FIG. 3 shows the frequency response which is characteristic of an inventive bandpass filter structure of the mobile data memory 1. Resonance points which lie more or less adjacent to one another, i.e. a corresponding bandwidth B1, result as a function of the strength of the coupling of both oscillating circuits through the coupling element, i.e. by means of the coupling capacitor C_K. One of the resonance points here bears the reference character f_o.

The mobile data memory 1 according to the invention enables use with higher bandwidths, e.g. in the case of the USA bandwidth (902-928 MHz). Furthermore, it is possible to intercept component tolerances (e.g. in respect of chip input impedance and substrate dielectric constant) as a result of the larger overall bandwidth. Instead of the immobile data memory, a mobile sensor unit can also be embodied in accordance with the invention.

Claims

1.-6. (canceled)

7. A mobile data memory, comprising:

a first oscillating circuit having an integrated circuit; and

a second oscillating circuit having an antenna coupled to the first oscillating circuit via a coupling device.

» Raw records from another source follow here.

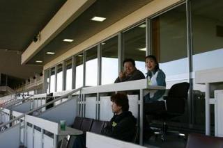 3名は競馬場馬主室に入り、3階馬主専用スタンドから第5・6レースを観戦し、応援している馬が勝利すると歓声をあげていました。
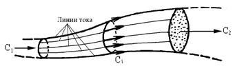 Через некоторый интервал времени Dt газ из сечения «1» переместится на расстояние Dl1=C1·Dt, а из сечения «2» на расстояние Dl2=C2·Dt. Согласно уравнению неразрывности через эти сечения за время Dt проходит одинаковая масса жидкости:
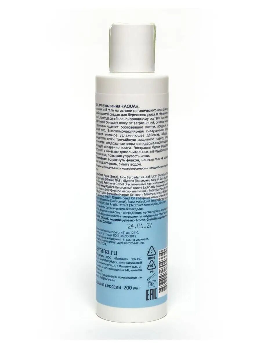 Aqua Гель для умывания увлажняющий/очищающий, 200 мл информация:
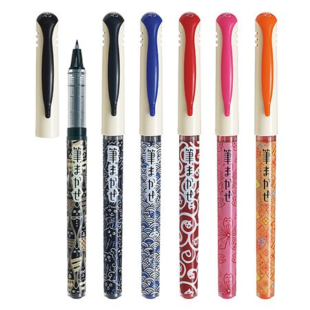 ●筆まかせはサインペン感覚で筆文字ならではの「トメ、ハネ、ハライ」が簡単に表現でき、文字に強弱を持たせることができる硬めのペン先が特長のカラー筆ペンです。
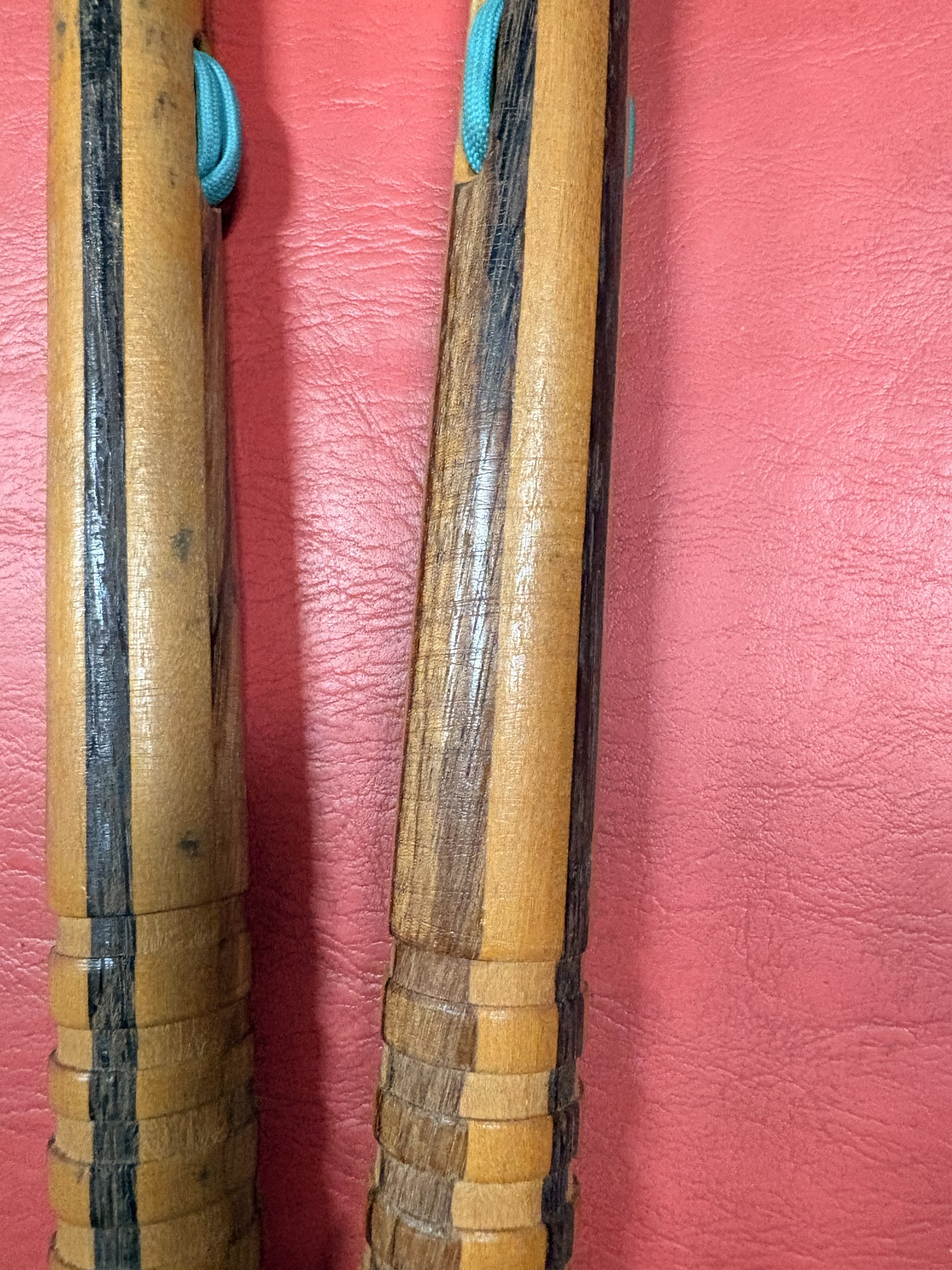 Laminated nunchucks made from yellow heart wood, zebra wood, and black palm
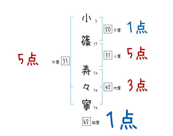 家系が持つ宿命的な運勢を表します。祖先から受け継いだ苗字ですので自分の力が及びません。家柄を象徴します。
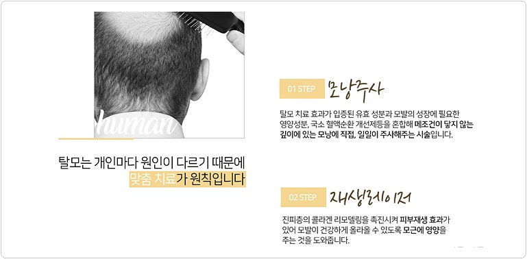 효과는 두피의 혈액순환을 촉진시키면서 모발의 성장을 돕고 모낭을 강화시켜 모발이 잘 빠지지 않도록 돕는 치료입니다. 모낭에 직접 유효성분이 주입되기 때문에 모낭의 성장이 촉진되는 것은 물론 모낭경 내 세포 활성화가 이루어져 모낭은 이전보다 튼튼하고 튼튼해질 수 있습니다.

8. The mobile data memory as claimed in claim 7, further comprising a radio frequency identification.

9. The mobile data memory as claimed in claim 8, wherein a bandpass filter comprises the first oscillating circuit and the second oscillating circuit

10. The mobile data memory as claimed in claim 9, wherein the coupling device is a transformer.

11. The mobile data memory as claimed in claim 9, wherein the coupling device is a capacitive device.

12. The mobile data memory as claimed in claim 9, wherein the first oscillating circuit and the second oscillating circuit are parallel oscillating circuits.

13. The mobile data memory as claimed in claim 12, wherein the antenna is a strip line antenna.

14. The mobile data memory as claimed in claim 8, wherein an inductive resistor is electrically connected in series to the integrated circuit.

15. The mobile data memory as claimed in claim 8, wherein a λ/4 line is electrically connected in series to the integrated circuit and an inductive resistor.

16. A mobile sensor, comprising:

a first oscillating circuit having an integrated circuit; and

a second oscillating circuit having an antenna coupled to the first oscillating circuit via a coupling device.

17. The mobile sensor as claimed in claim 16, further comprising a radio frequency identification.

18. The mobile sensor as claimed in claim 17, wherein a bandpass filter comprises the first oscillating circuit and the second oscillating circuit

19. The mobile sensor as claimed in claim 18, wherein the antenna is a strip line antenna.

20. The mobile sensor as claimed in claim 19, wherein a λ/4 line is electrically connected in series to the integrated circuit and an inductive resistor.

21. A RFID device, comprising:

a first oscillating circuit having an integrated circuit;

a second oscillating circuit having an antenna coupled to the first oscillating circuit via a coupling device; and

a bandpass filter having the first oscillating circuit and the second oscillating circuit

22. The RFID device as claimed in claim 21, wherein the antenna is a strip line antenna.

23. The RFID device as claimed in claim 22, wherein a λ/4 line is electrically connected in series to the integrated circuit and an inductive resistor.